Hectic time for REITs

According to a number of agents, there has been close to $4.5 billion of office sales in the Sydney market in three months.

The real estate investment trust sector is bracing for a busy few months in terms of sales and new leasing deals in the lead-up to the annual reporting season and through to the end of the calendar year.

The REITs have seen a busy few months post the June 30 balance date, with some leasing deals being executed and others in the pipeline.

One of the biggest discussions is the possibility of the third commercial tower at Barangaroo South being constructed. According to the co-owner and developer of the project, Lend Lease, it remains on track and discussions are under way with a range of tenants.

One possible name, although unlikely to be an anchor tenant, is the Australian Securities Exchange (ASX), which has a requirement for about 11,700 square metres.

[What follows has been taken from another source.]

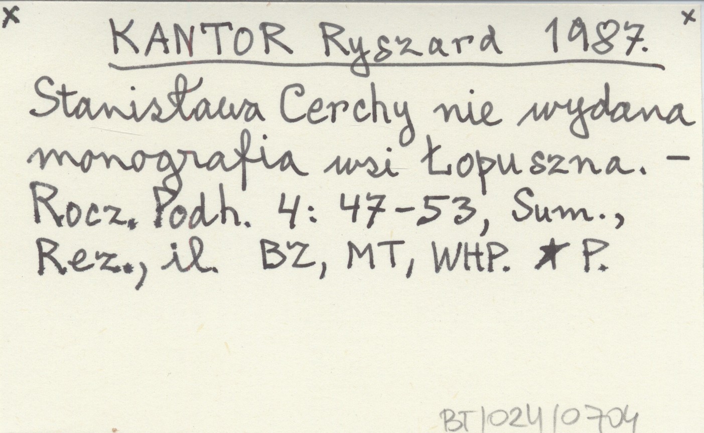 KANTOR Ryszard 1987 Stanisława Cerchy nie wydana monografia wsi Łopuszna.

It leases space at 20 Bridge Street but is said to be looking at its contract and considers Barangaroo South as an attractive place to work.

According to JP Morgan's analysts, office-leasing conditions remain extremely tough across the major central business districts, but this doesn't hit every landlord equally.

"The regular cycle of tenant churn provides ample opportunities for REITs with the highest-quality portfolios and most capable leasing teams to outperform," the analysts said.

"Further, supply pipelines are responding to weak demand with few major commencements over the past six months, and we expect improving residential markets to drive a wave of residential conversions, particularly in Sydney."

The analysts said that combined with improving business confidence, this suggests a scenario where conditions could moderate earlier than expected.

"Our preferred office exposures are DEXUS Property Group and Mirvac due to overweight Sydney positions, and high-quality, well-leased portfolios that are best placed to secure tenants and benefit from cap rate compression," the analysts said.

According to a number of agents, there has been close to $4.5 billion of office sales in the Sydney market in three months and the most active players include the REIT sector.

There remains a number of key assets on the market, including the remaining tranche of NSW government assets.

The assets owned by the Commonwealth Property Office Fund (CPA) could also change hands, if Dexus exercises its option and makes an offer. That would likely see some rationalisation of the CPA portfolio, which would be attractive to office REITs.

Analysts said the office tower owned by Westfield at 85 Castlereagh Street, was also on many REIT managers' radars, if Westfield ever decided to sell.

The residential market will be another area of focus for the REITs.

Scott Molloy, an analyst at JP Morgan, said he expected the recovery in residential demand to tip the balance for the best and highest use for some secondary office space in favour of a residential conversion, or for future office developments towards residential developments.

"This is particularly likely where the location is suited to residential, such as around Hyde Park and Circular Quay in Sydney," he said.